Hernandez has alleged there is an organized campaign to pressure him to resign, based partly on his opposition to 2019 legislation favored by legislative leaders to divert some future public-pension benefits to shore up current payments. Senate Bill 1049 passed 31-29; Hernandez was one of seven Democrats to join all 22 Republicans in opposition.
"A white, powerful speaker is attempting to destroy a man of color's character because he refused to help her reduce working-class people's retirements. We have centuries of history in which men of color have been disproportionately affected by unfair and/or falsified allegations of gender-based misconduct."
Though it was mentioned at the May 4 hearing that seven women had stepped forward, five of them apparently chose later in the week not to add their names to the formal complaint, so they will not be interviewed.
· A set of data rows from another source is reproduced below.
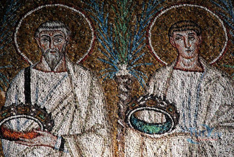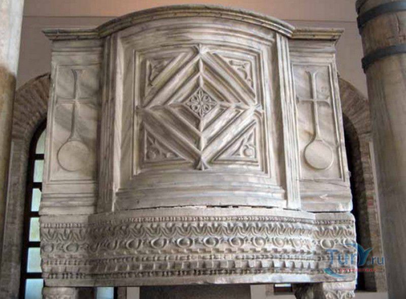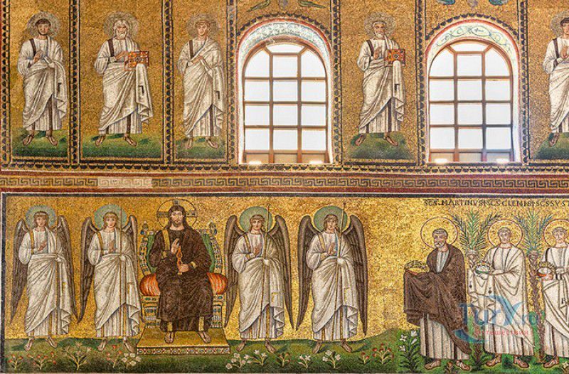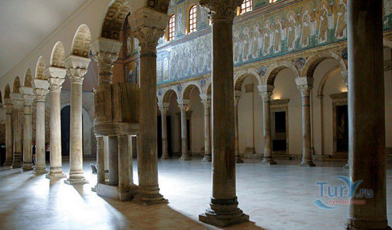 Базилика Сант Аполлинаре Нуово - одна из раннехристианских церквей города Равенна, была построена в 493-526 годах королём остготов Теодорихом Великим. Базилика была возведена рядом с королевским дворцом, от которого до наших дней сохранились лишь развалины, и имела статус придворной церкви Теодориха Великого. Правитель Королевства остготов исповедовал арианство - еретическое течение в христианстве, получившее статус государственной религии в поздней Римской империи в IV-VI веках, поэтому и построенная им церковь, освящённая в честь Христа Спасителя, была арианской и оставалась таковой вплоть до 561 года. После завоевания Равенны византийским императором Юстинианом I все арианские храмы были переданы православным христианам, и в 561 году базилика была освящена в честь святого Мартина Турского - ярого борца с арианской ересью. По требованию Папы Римского Григория I большинство арианских мозаик, украшавших храм, были либо удалены, либо переложены. Своё нынешнее название церковь получила в 856 году, когда в неё из базилики Сант Аполлинаре ин Классе были перенесены мощи Святого Аполлинария - покровителя города Равенна. Храм был освящён в честь Святого Аполлинария, а приставку "нуово" в название базилики добавили, чтобы отличать её от храма с тем же названием, расположенным в районе древнего порта Классе. В 1748 году мощи Святого Аполлинария были возвращены на своё прежнее место, но название базилики Сант Аполлинаре Нуово менять из-за этого не стали. За свою долгую историю базилика несколько раз перестраивалась - в X-XI веках к церкви была пристроена 38-метровая колокольня цилиндрической формы, в XVI веке - мраморный портик и апсида, в XVII веке в базилике появился великолепный кессонный потолок, а в XVIII столетии к северному нефу были пристроены восемь боковых часовен. Внешне базилика Сант Аполлинаре Нуово представляет собой типичное остготское храмовое сооружение, она имеет три нефа, разделённых рядами из мраморных колонн с капителями (по 12 колонн с каждой стороны), привезенных из Константинополя. Центральный неф завершается барочной апсидой, перед которой расположен большой пресвитерий. С арианских времён в церкви сохранились рельефный престол и амвон в главном нефе, сень из порфира, преграда перед престолом с изображениями виноградной лозы, павлина и креста, а также часть мозаик, на которых изображены евангельские сюжеты, дворец Теодориха Великого и порт Классе. Мозаики базилики Сант Аполлинаре Нуово расположены в три яруса - верхний ярус посвящён сюжетам из Нового Завета, а также сценам из Чудес и Страстей Христовых (по 13 мозаик каждого цикла), на мозаиках среднего яруса изображены лики 36 пророков и святых, на мозаиках нижнего яруса - процессии христианских мучеников и мучениц. В 1996 году базилика Сант Аполлинаре Нуово в числе других раннехристианских памятников Равенны была внесена в список Всемирного наследия ЮНЕСКО.
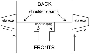 folds to shoulder seams sew sleeves in position. Join side and sleeve seams. (see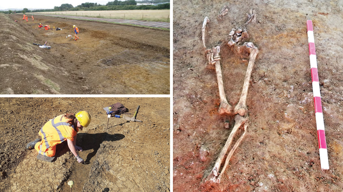 Archaeological investigations and (right) crouched burial – Courtesy of Kier Infrastructure and Overseas Ltd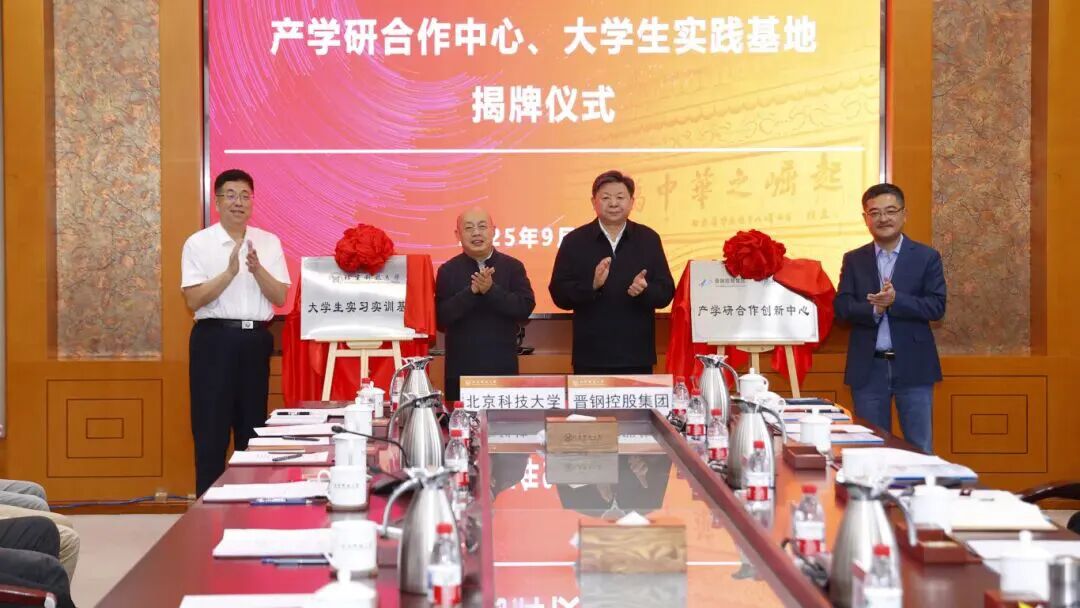 ▲晋钢与北京科技大学产学研合作中心、大学生实践基地揭牌仪式。

A third-party investigator, Sarah Ryan of the Portland firm Jackson Lewis, told the committee she had interviewed one of the women who filed the original complaint, but not the other.
Hernandez said in a statement: "In this politicized process, Tina Kotek was able to appoint the jury, declare me guilty and sentence me to political and professional exile without any due process. Her process has not been about restorative justice or reconciliation, but instead persecution."
No names were mentioned during the May 4 hearing.
But Andrea Valderrama, chair of the David Douglas School Board, filed for a restraining order against Hernandez on March 3 based on a 2019 incident alleging violent behavior by Hernandez while he was drunk. They apparently lived together at the time. She withdrew her request on March 25 — Valderrama said she no longer feared for her safety — and a Multnomah County judge dismissed it the next day without issuing an order.
The claim filed by Lafky mentions only that "a personal acquaintance" filed and then withdrew the request for the restraining order.
The identity of the other woman who filed the complaint has not surfaced.
Lafky said Hernandez did take a leave of absence earlier this year from his legislative duties, pressed by Kotek and Smith Warner, but his leave has ended.
"The leadership of the Oregon Legislature has refused to provide the substance of the complaints to Rep. Hernandez, forcing him to try to defend himself without knowing what the nature of any complaints might be.
"The most basic tenet of due process is that a person knows the nature of the allegations, with adequate notice and an opportunity to be heard. Instead, Rep. Hernandez has been denied these basic rights, prevented from knowing the allegations, and confronted by peers who have made a decision before he can even defend himself.
"Particularly, the system devised by the Legislature under House Concurrent Resolution 20 (in 2019) is deeply flawed and violates the due process rights of any person accused under that scheme."
Hernandez was elected in 2016 to the District 47 seat that covers East Portland. He is unopposed in the May 19 primary for renomination to a third term. He currently has no interim committee assignments, which are made by Kotek.
NOTE: Corrects detail in selection of House Conduct Committee members; adds no-comment from Speaker Kotek.